中学校にあがると、授業でノートをしっかり書き写す能力が、自然に、かつ、見えざる強制力によって、身に付いた。板書をする教師のチョークの動きと、シャープペンは、輪唱するように動き、ノートにはシャープペンの他に、様々な色のカラーペンが走り回った。

ノートを取るということは、ただ書いているものを書き写すことに非ず。要点には赤でマルを、文章中でテストに出そうな範囲には緑の波線を、時には青で下線を引くことが大事なのだ。そしてそれはシャープペンだけでは表現できない世界である。モノクロテレビでは、花の美しさを感じ取れないように。ノートを取るのにカラーペンがないというのは、戦争をするのに武器がないのに等しかった。

当時、カラーペンはステータスだった。

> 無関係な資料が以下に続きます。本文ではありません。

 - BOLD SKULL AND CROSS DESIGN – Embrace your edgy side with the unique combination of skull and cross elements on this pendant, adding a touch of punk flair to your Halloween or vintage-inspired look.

カラーペンをどれだけ持っているかによって、ノートの質が変わらんと言わんばかりにカラーペンを収集していた時期であった。赤、青、緑はもちろん、橙、紫、茶。いま思うと、色と名の付くものならなんでもよかったのかもしれない。私が持っていたカラーペンの中でも、一番存在感を放っていたのは24色ペンだった。一つで24色である。一時間ごとに色を変えても一日中使えるのだ。近所の文房具屋で初めて目にしたときは、とんでもない財宝を探し当てたような、別次元の何かに触れたような心地だった。みんなが筆箱から目的の色のペンをせかせかと探している中で、私は早々に目的の色に切り替えてノートを作っていくことができる。つまるところ、この瞬間私は、ノートを取るという行為においてヒエラルキーの頂点に登り詰めたのである。

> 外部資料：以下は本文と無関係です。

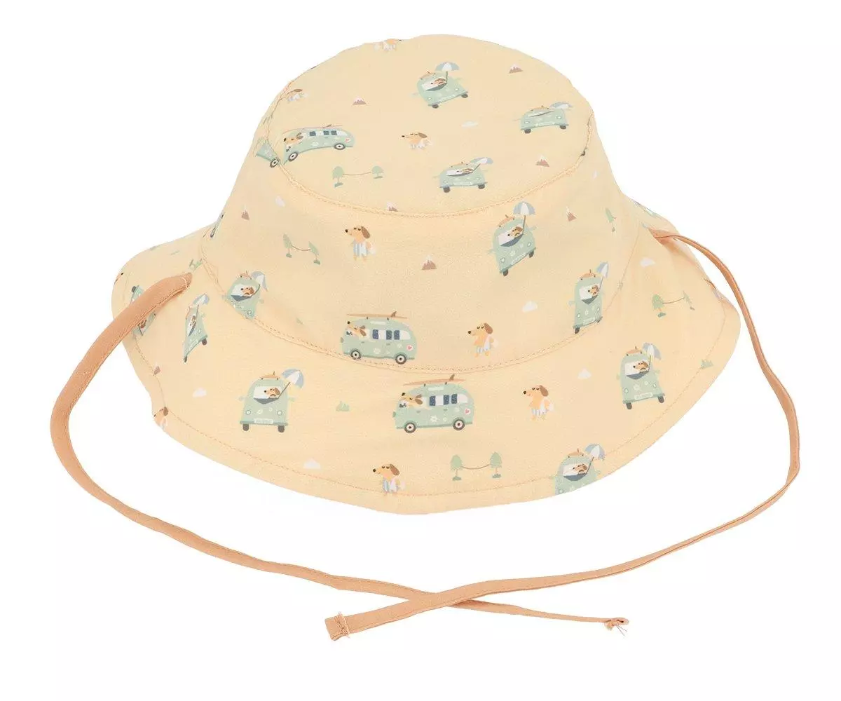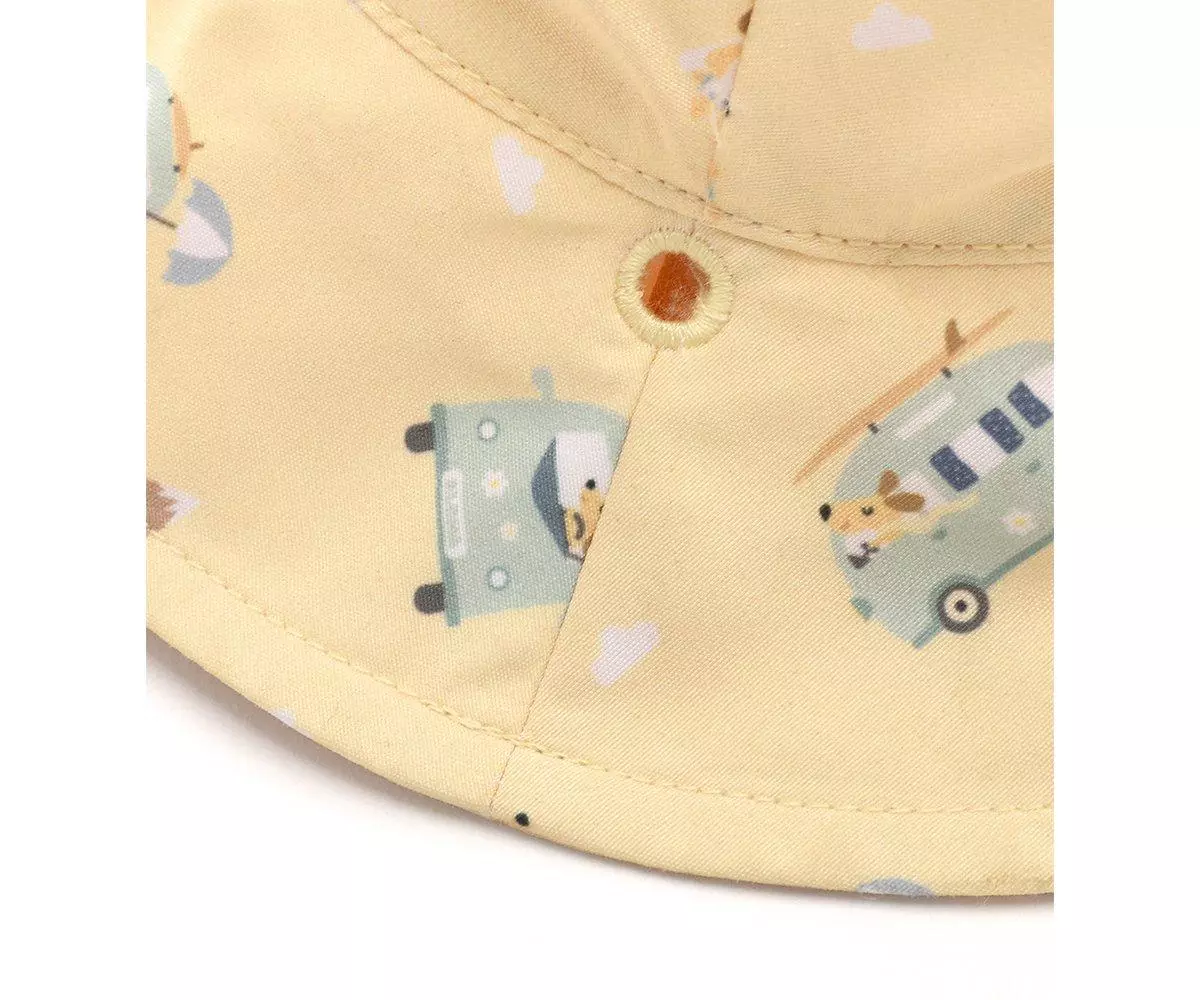 Proteggi il tuo piccolo esploratore con stile e sicurezza! Acquista ora il Cappellino Reversibile Anti UV – Giallo.

だが、一つのペンに24色が同居するのであるから、そのペンの太さといったら尋常ではない。そのくせ、ペン先は細かった。実際手に持って使ってみると、いまどこにペン先があるのか見えないのである。至極書きづらい。しかし、所有した手前、見栄を張らなければ格好が付かない。使えないと悟られてはまずいのである。私は使い道が到底ないと思われるような色も、この色を使いたかったんだ、とばかりに使った。白いノートに黄色は、この上なく相性が悪かったが、人類の叡智を総動員した万能カラーペンを演出するためには仕方のないことだった。

このペンで私のノートはいままで以上のすばらしい物に生まれ変わったかというと、そう甘くなかった。24種類もの色が走り回ったノートには、もはや混沌しかなく、ノートを使うためにペンがあるのか、ペンを使うためにノートがあるのか、目的と手段まで滅茶苦茶になってしまった。

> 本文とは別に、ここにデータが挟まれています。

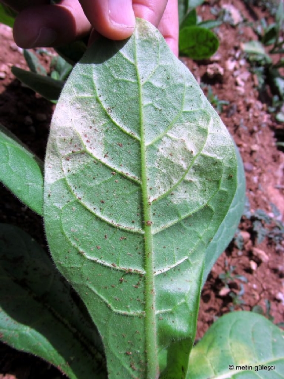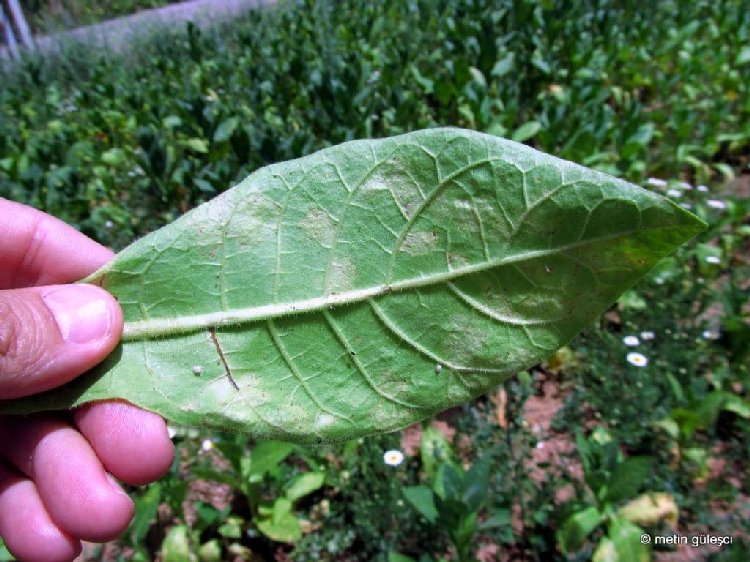 Bu yaprakların uç kısımları hafifçe aşağıya kıvrılır. Üstten sarımsı görülen yaprakların alt yüzlerine bakılacak olursa grimsi veya kirli beyaz-açik eflatun renkli bir küf tabakası ile örtüldüğü görülür. Hava koşulları hastalığın gelişmesine uygun giderse, duyarlı tütün çeşitlerinde söz konusu lekeler kısa zamanda tüm yaprakları sarar. Böyle bitkiler gelişmeyerek kururlar. Patojen, duyarlı tütün çeşitlerinde sistemik enfeksiyonlara da neden olabilir. Böyle durumlarda patojenin yerleştiği doku gelişmez. Yaprağın simetrisi bozulur. Yer yer kıvrılmalar göze çarpar. Bitkiler bodur kalır. Tarla evresindeki belirtiler, fideliklere çok benzer. Yanlız hava koşulları pek uygun olmadığından, daha çok alt yapraklarda görülür.
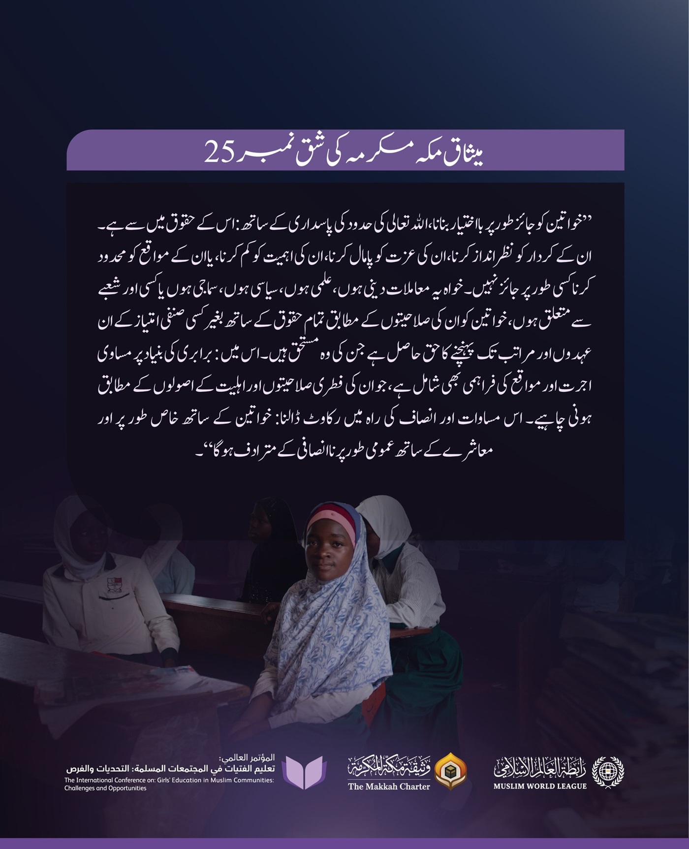 میثاق مکہ مکرمہ میں خواتین کا مقام، امت کے نامور علمائے کرام اور مفتیان عظام کی تائید کے ساتھ: مكمل اور جائز حقوق۔ اور تعلیم اس سے مستثنیٰ نہیں! #لڑکیوں_کی_تعلیم_کے_لئے_اقدام
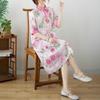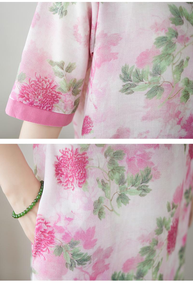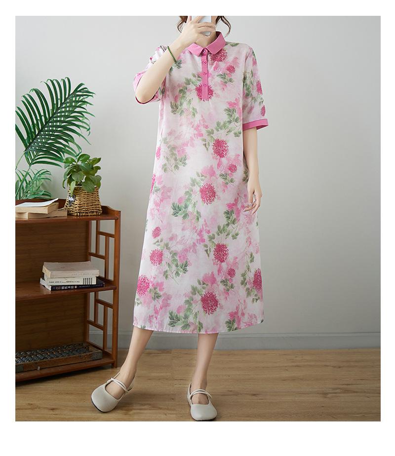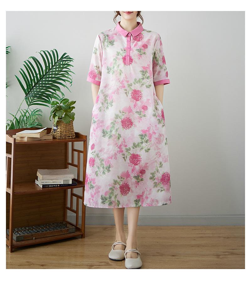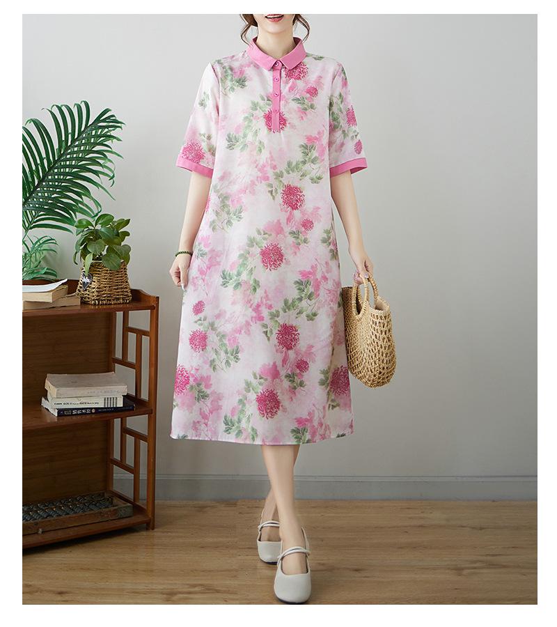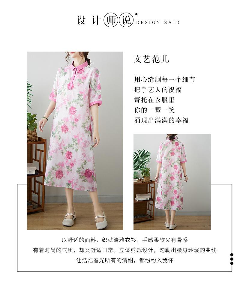 Foto Real Vestido Floral Elegante de Algodón y Lino de Alta Gama para Mujer Verano Estilo Occidental Estilo Francés Retro Suelto Adelgazante

その後、24色ペンは、よく使う赤のインクが切れた時点で、筆箱に入ることはなくなったのだが、なんだか清々したのを覚えている。そのころの教訓として、『なんでもできる』ということは、『なんにもできない』ことよりタチが悪いのだ。ということだった。

『それだけしかできない』というのは、それをするときは、一心不乱に何も考えずにできるということの裏返しでもある。単機能は、人類が幾度となく成功を積み上げ、性能を積み重ねた先にあるブレイクスルーなのだ。

だから私は、ポメラが喉から手が出るほど欲しいのである。